American cities lead the world in sprawl. Have a look at the population density (how many people live in an average square mile) for us and the rest of the world. And Oklahoma is a sprawl leader in our own country. Of the 55 largest metropolitan areas in the U.S., only 6 are less densely populated than Oklahoma City (and naturally, Tulsa is one of them).


As with transportation policy, the first step in land use policy should be to quit doing harm. While land use is generally governed by local governments, it’s too easy for local officials to be railroaded by home builders, road contractors, and land speculators. So state legislators will have to be the bad guys here. An easy place to start is to ban minimum parking (and driveway and garage) mandates for houses and businesses. That will make cities more livable and cooler, reduce rents, and increase transit use. Another tough but necessary step is drawing the line (literally) on sprawl. The state should put a five- or ten-year ban on extending or expanding roads and water and sewer utilities (including new septic tanks and wells). We also should keep cities from annexing rural areas and not allow any new cities to incorporate in those areas.


Here's what minimum parking mandates give us: empty pavement. I've never seen this Lowe's lot even half full. There's enough extra room for a few dozen homes or for every other business on this block. Or, god forbid, green space.

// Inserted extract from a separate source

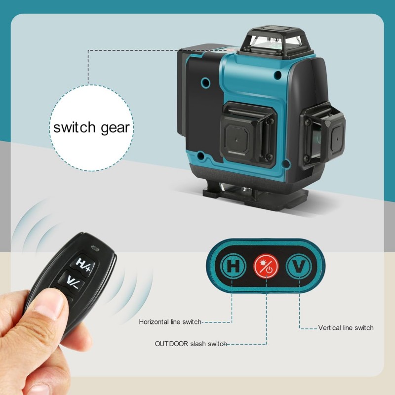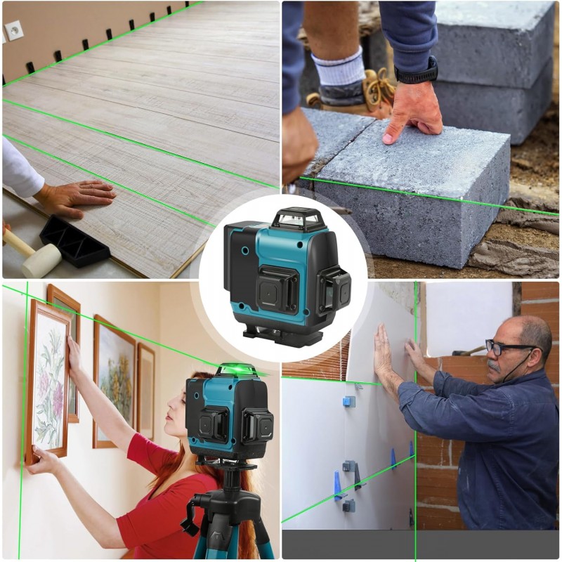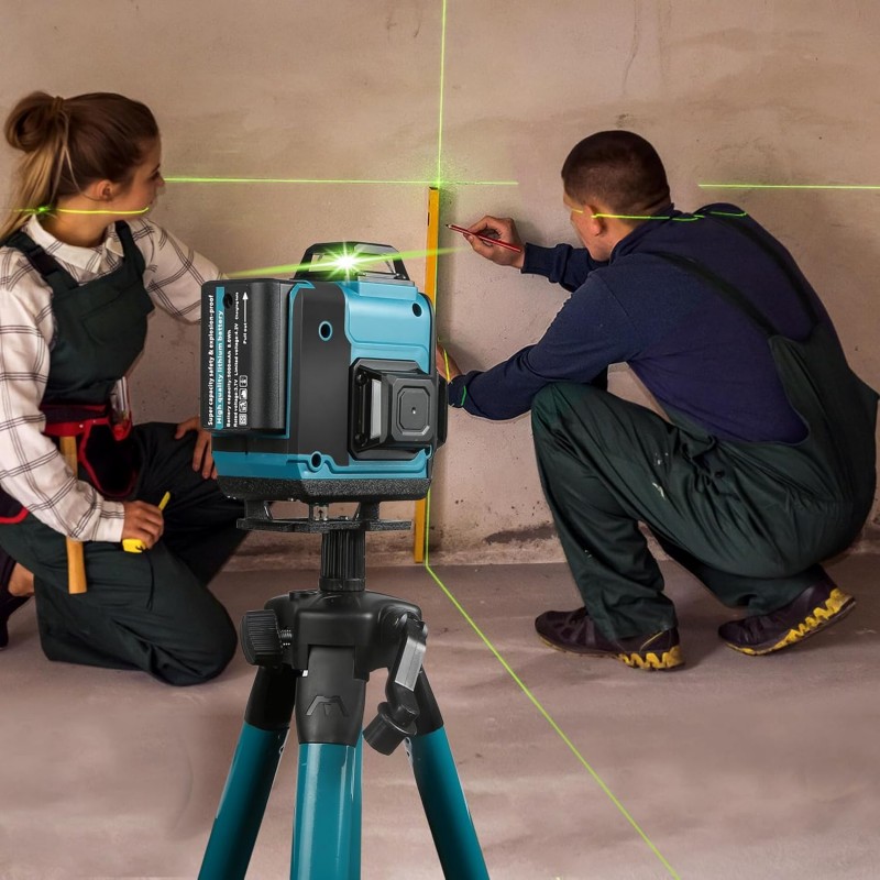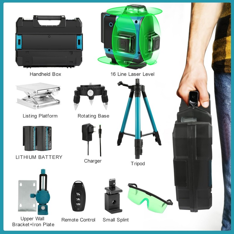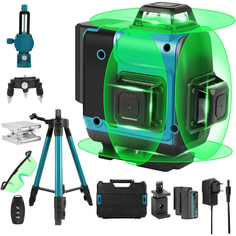 Nível laser autonivelante com feixe verde de alta precisão, proporcionando 16 linhas 4 x 360° para medições exatas em todas as direções. Inclui tripé, moldura de parede, comando remoto e acessórios para maior versatilidade. Ideal para construção e decoração.

We have long-term options to reduce our gasoline addiction


Over time, smart transportation policy will help us use less gas. We should reduce idling, which wastes at least $11 billion in gas every year and increases both air pollution and wear and tear on our cars. We should not allow any additional drive-throughs or traffic signals and stop signs. We should adopt California’s higher fuel efficiency standard for new cars. Nationally, we’ve saved $5 trillion on gas in the 40 years of federal fuel efficiency standards. Imagine filling up last June if your car got the 12 miles per gallon that was common in the 1960s!

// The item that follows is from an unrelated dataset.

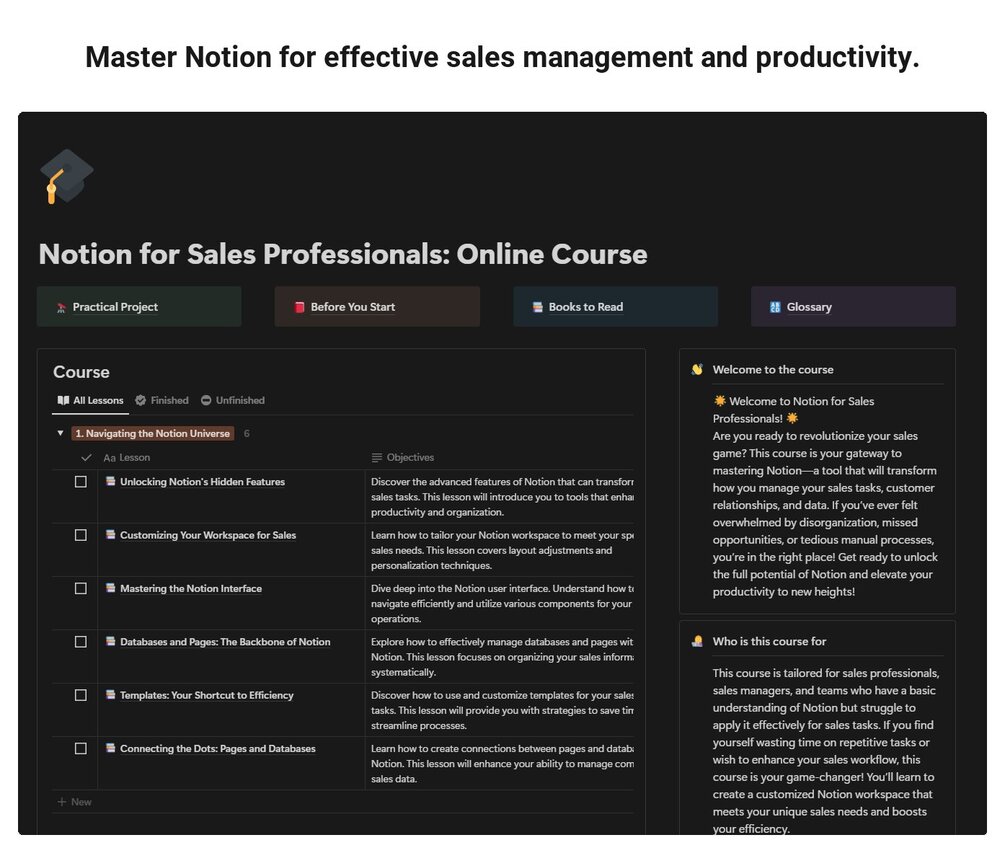 This course is packed with practical content designed to enhance your sales operations using Notion.

We should also reduce and enforce speed limits. Driving 80 instead of 50 mph is the equivalent of paying $1.20 more for every gallon of gas. And while we all have the choice of driving 50, that will not be a good experience when everyone around us is buzzing by at 80. We can also encourage conservation with higher gas taxes (which could fund alternative transportation and/or reduce other taxes) and higher tolls (which can generate huge amounts of money to supplement and perhaps even replace turnpikes with rail service).


There are also long-term land use policy changes that will reduce fuel use, but they will seem pretty drastic to some. First, we’ll need to eliminate single-family housing zoning or allow at least two dwellings on every residential lot. Then more of us can live closer to school, work and shopping. That makes transit more feasible in your neighborhood. For the same reason, we’ll need to encourage denser housing by making it easier to live in nonresidential buildings and re-use commercial and industrial buildings for housing. We should also require neighborhood design that reduces driving and encourages other options by banning cul-de-sacs and dead ends and requiring each subdivision have exits in at least four directions. We should also increase property taxes on vacant land and large lots in cities to encourage more building in established neighborhoods.

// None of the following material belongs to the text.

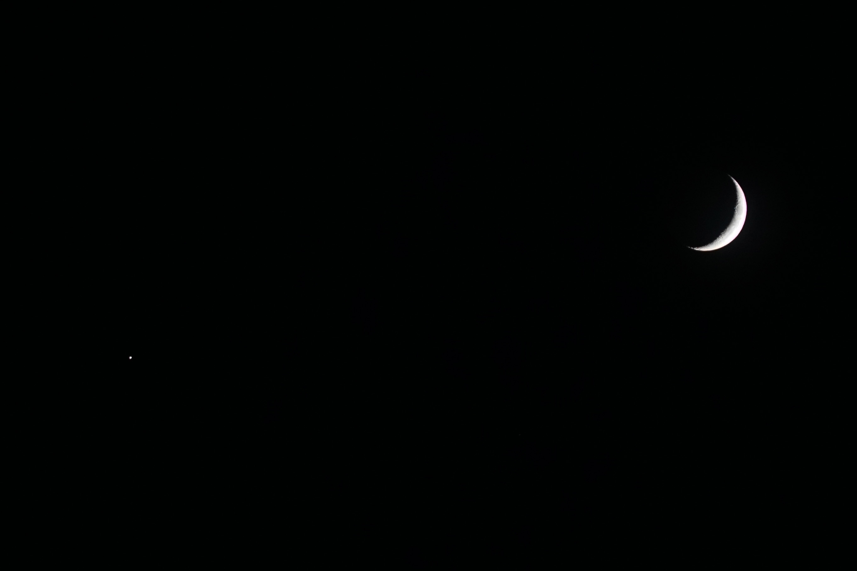 초승달 옆에 있는게 금성인가 싶네요.... 인공위성 같기도 하고...

Government helped make us gas addicts; it can help treat us, too


We didn’t become gas addicts by accident. We got sold a way of life that revolves around sprawling cities and constant driving, and now we’re hooked. We don’t have to be, though. It’s as easy or easier to get out of this mess as it was to get into it, but it will take people who demand that cities and transportation systems serve our needs, not the “needs” of builders, contractors, real estate agents, and oil companies and the politicians who depend on them. If we really want to spend less on gas and live in cleaner, healthier, safer, and more pleasant places, we have to be those people.